Baby Driver wastes no time at all in showing us what it can do. The film opens in one of the most enthralling car chases in living memory. The protagonist (the titular Baby, the greatest performance Ansel Elgort has played to date) is good at what he does. A coffee run serves as an introduction to some of our other leading characters, including the magnanimous Kevin Spacey and Jon Hamm. But here’s the kicker; it’s all choreographed perfectly to the film’s soundtrack. Every movement, every sound effect, at one point even other music is synchronised to Baby’s iPod, which he uses to drown out his tinnitus (which is cleverly woven into a  emotional plot point).

Once the film stops showing off, its flashy cinematography switches gears as and when needed, brilliantly underpinning the action. Lyrics become prophetic in more emotional moments, particularly in connection to Baby’s late mother. We see her only in-brief flashbacks, and the Commodores’ track ‘Easy’ takes on great meaning. This, combined with the captivating relationship between Baby and Deborah (Lily James), give us an emotional investment in our protagonist that grounds the action.

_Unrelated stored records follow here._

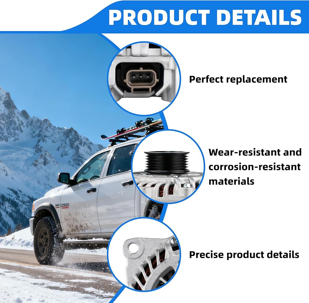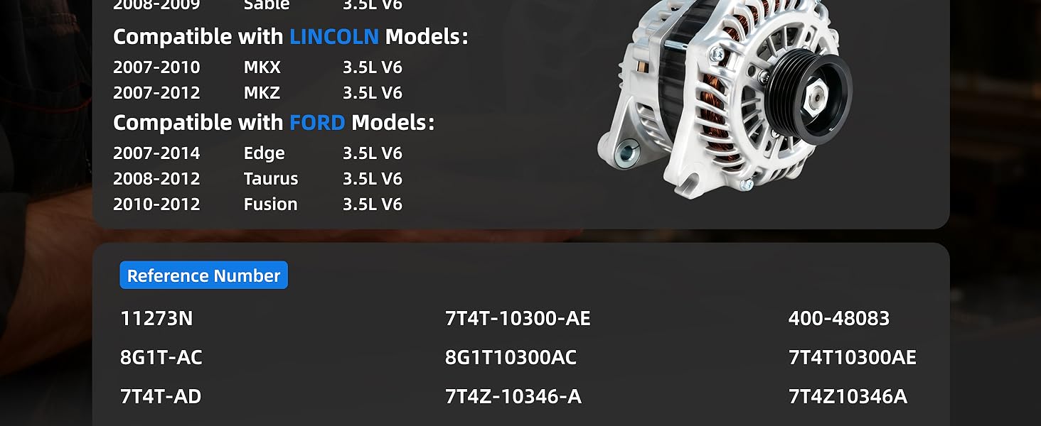 【Exact Fit & Broad Compatibility】: Direct replacement alternator fit for (11273N,8G1T-AC,7T4T-AD,A003TJ2891,AMT0225,7T4T-10300-AE,8G1T10300AC,7T4Z-10346-A,A003TJ2891CZ,400-48083,7T4T10300AE,7T4Z10346A,400-48246). Verify your vehicle details and part number for a perfect, hassle-free fitment
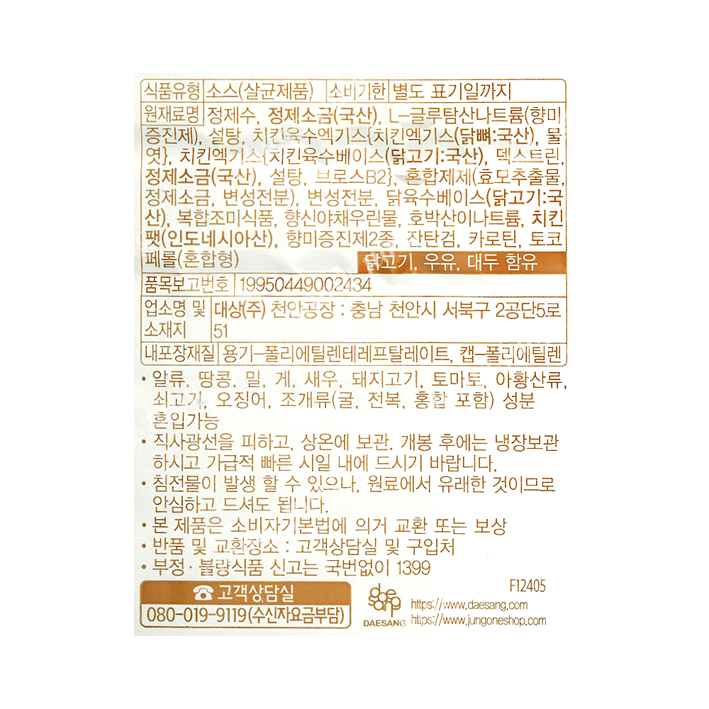 | 상품명 | 치킨스톡(쉐프의,쉐프원,2kg) | 식품유형 | 상세설명참조 |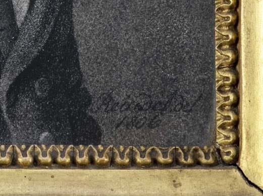 The drawing is still contained in its original Empire frame, including the original backboard and what appears to be the original glass. The backboard is applied with the printed trade label of the frame maker: Monsieur Toulouse, gilder and print dealer based in the Cloitre St-Germain-l’Auxerrois in Paris, now part of the Place du Louvre. Little is known about Mr Toulouse, but he is listed in a trade almanac of the period.2 To have a drawing of this quality from this period still contained in its original frame is rather rare.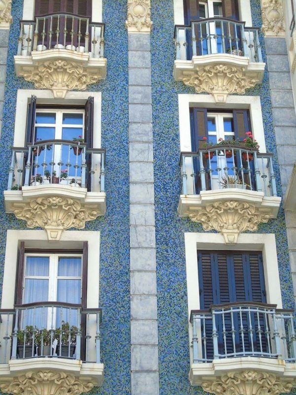 Poco dada a pasear, la Calle Prim merece una visita tranquila desde la Plaza de Bilbao hasta la Plaza del Centenario y “ Casa del Aguila “ pues hay edificios maravillosos. Enseguida de la Plaza Bilbao vemos el número 17 de Prim con una fachada de mosaicos Art Nouveau muy habituales en Europa y que se repiten en la fachada del lateral del Paseo Arbol de Gernika.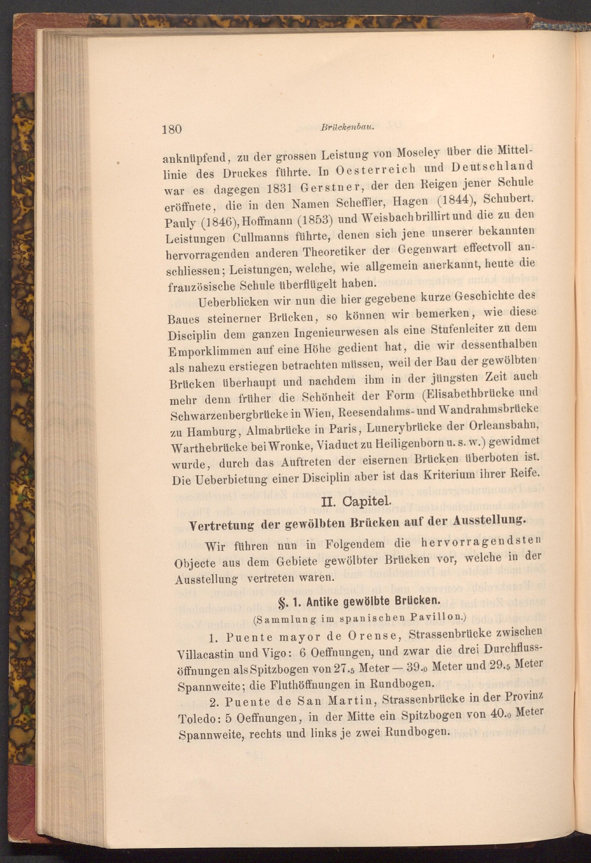 Ueberblicken wir nun die hier gegebene kurze Geschichte des Baues steinerner Brücken, so können wir bemerken, wie diese Disciplin dem ganzen Ingenieurwesen als eine Stufenleiter zu dem Emporklimmen auf eine Höhe gedient hat, die wir dessenthalben als nahezu erstiegen betrachten müssen, weil der Bau der gewölbten Brücken überhaupt und nachdem ihm in der jüngsten Zeit auch mehr denn früher die Schönheit der Form( Elisabethbrücke und Schwarzenbergbrücke in Wien, Reesendahms- und Wandrahmsbrücke zu Hamburg, Almabrücke in Paris, Lunerybrücke der Orleansbahn, Warthebrücke bei Wronke, Viaduct zu Heiligenborn u. s. w.) gewidmet wurde, durch das Auftreten der eisernen Brücken überboten ist. Die Ueberbietung einer Disciplin aber ist das Kriterium ihrer Reife.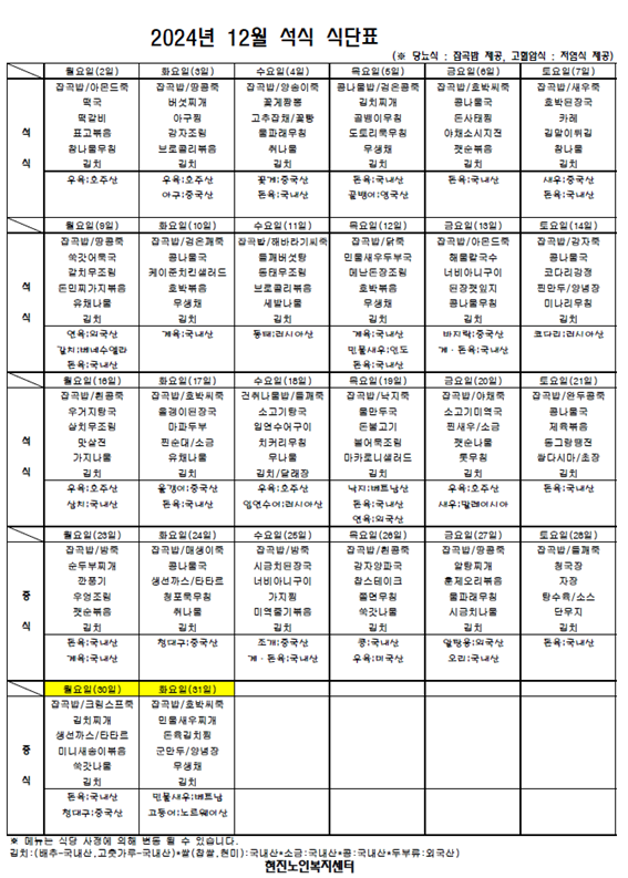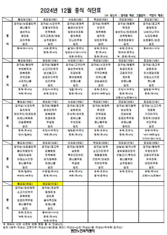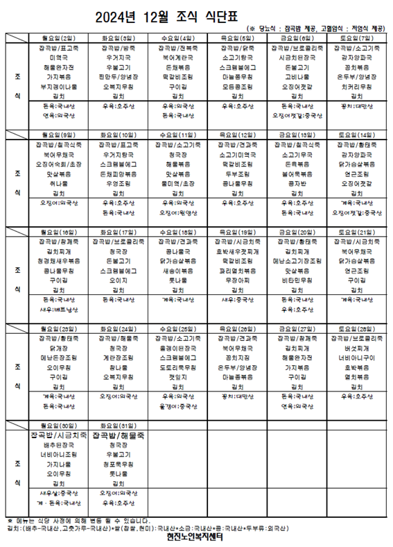 2024³â 12¿ù ½Ä´ÜÇ¥ °øÁö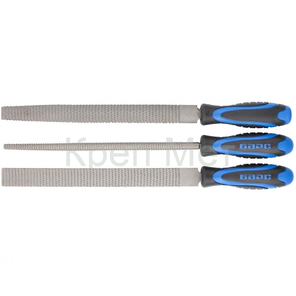 - Набор напильников 200 мм, 3 шт, двухкомпонентная рукоятка Барс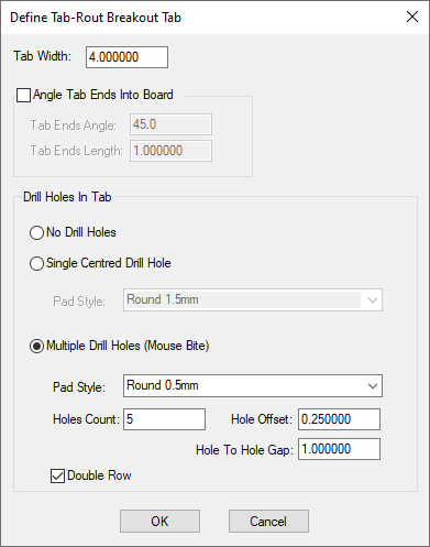 The breakout tabs in tab-routs are created with a specified width, can have the tab-rout ends angle into the board, and can contain drill holes to help with breaking the PCB boards out from the panel. To define how you want the tabs to be created right click the mouse and use Define Tab-Rout Breakout Tab from the context menu. The following dialog will be displayed: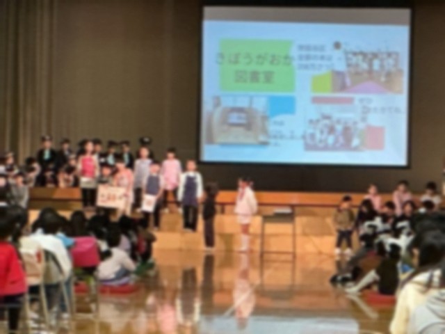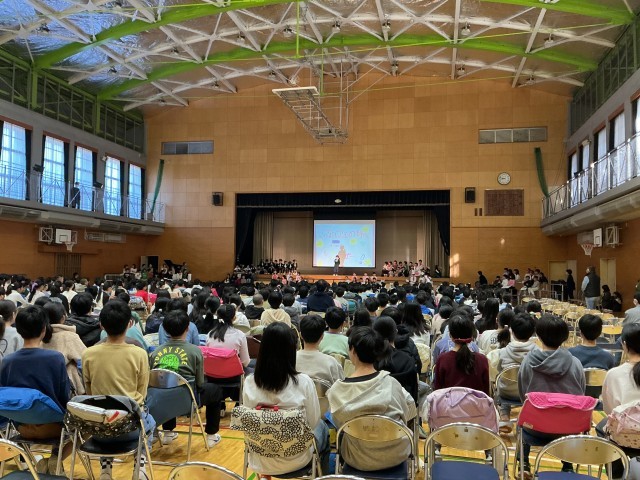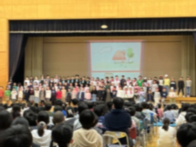 学習発表会の児童鑑賞日でした。体育館では1年生と2年生が発表しました。写真は2年生です。大きな声で堂々と自分たちが調べまとめたことを発表しました。みんなで歌った歌声もすてきでした。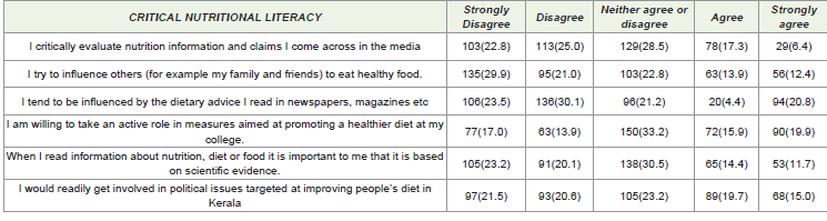 The findings suggest overall low to moderate critical nutritional literacy of respondents. More than three-quarters of respondents (77.4%) disagreed or strongly disagreed with the statement that they critically appraise nutrition information from media, and fewer than a quarter (23.7%) endorsed the statement. Correspondingly, only 26.3% tried to influence their peers’ healthy eating behaviour and more than half (50.9%) did not. More than half (53.6%) the students disregarded newspapers and magazine advice, although 20.8% found it influential. The inclination to participate in political issues targeted at improving people’s diet was moderate (35.8%), however one third of students answered neutrally. Only 26.1% reported that they believe in scientific evidence in nutrition information and 43.3% deny it. Political participation in relation to dietary factors within Kerala was also low, with 34.7% of participants who would be willing to be part of this and 42.1% who would not.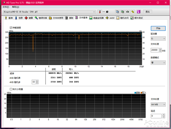 来到HD Tune Pro下的文件基准测试,该模式下分别通过真实写入文件后再读取文件的方式进行测试,可以测试出存储卡的极限读写速度。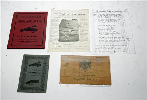 copy of King Alfonso XIII's gun order dated April 1st 1905, copy of the 1905 order for the Infanta Isabel of Spain, a 32 page pre World War I red hard illustrated catalogue for E.J. Churchill ' BY SPECIAL APPOINTMENT TO THE KING OF SPAIN' around the Spanish crest on the first page,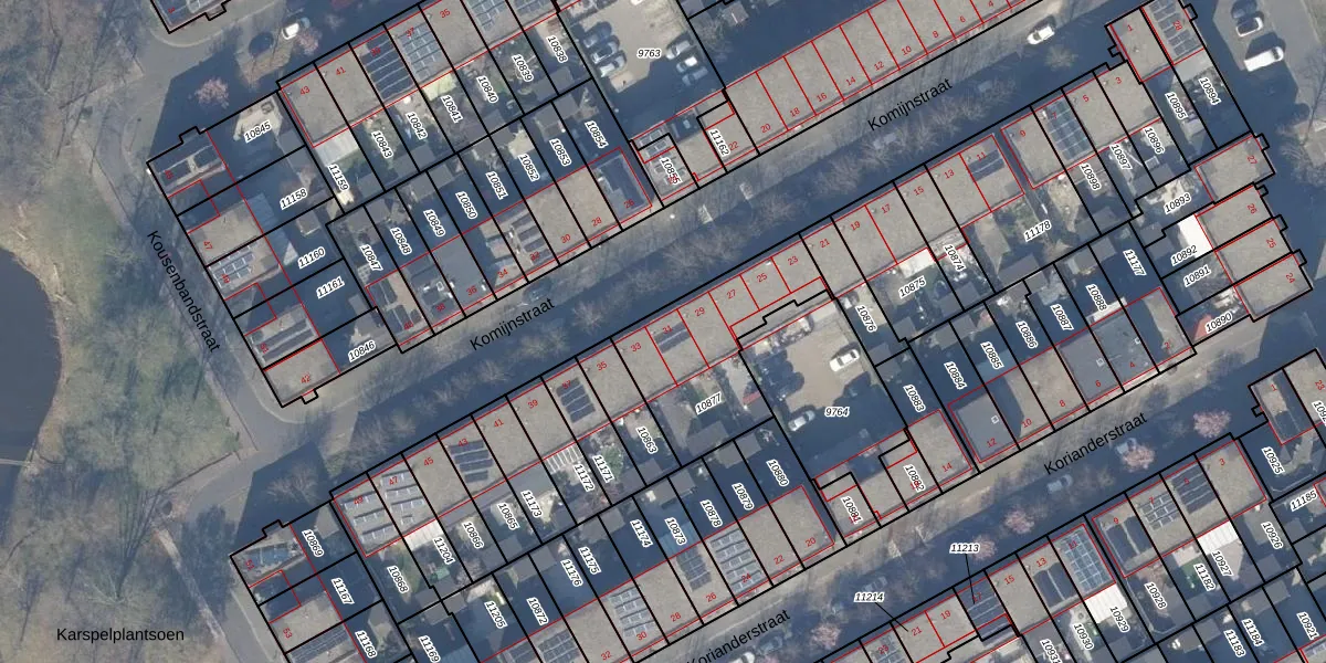 Het perceel waarop Komijnstraat 31 staat heeft een oppervlakte van 514 m². Dit is een groot perceel. De perceeloppervlakte wordt geregistreerd door het Kadaster. Gedetailleerde informatie over de maten van dit perceel kunt u vinden in het rapport Kadastrale kaart met maatvoering van Komijnstraat 31.

Feistier tracks, most notably Queen’s ‘Brighton Rock’ and Focus’ ‘Hocus Pocus’, make the perfect score to the chaos of the film’s action scenes. Things quickly get out of hand for Baby, and you feel that tension. Though often humorous and a little silly, Wright’s style can turn on a dime to threatening when it needs to, and the brilliance of the cast aid that end. Even when everything falls apart, the film never sacrifices its style; every single detail is always geared towards a particular end.

Edgar Wright’s films have always been stylish, but until now he’s suffered from being somewhat restrained. With Baby Driver, Edgar Wright has really let himself run free, and the result is one of the most spectacular films of the year, perhaps even the decade.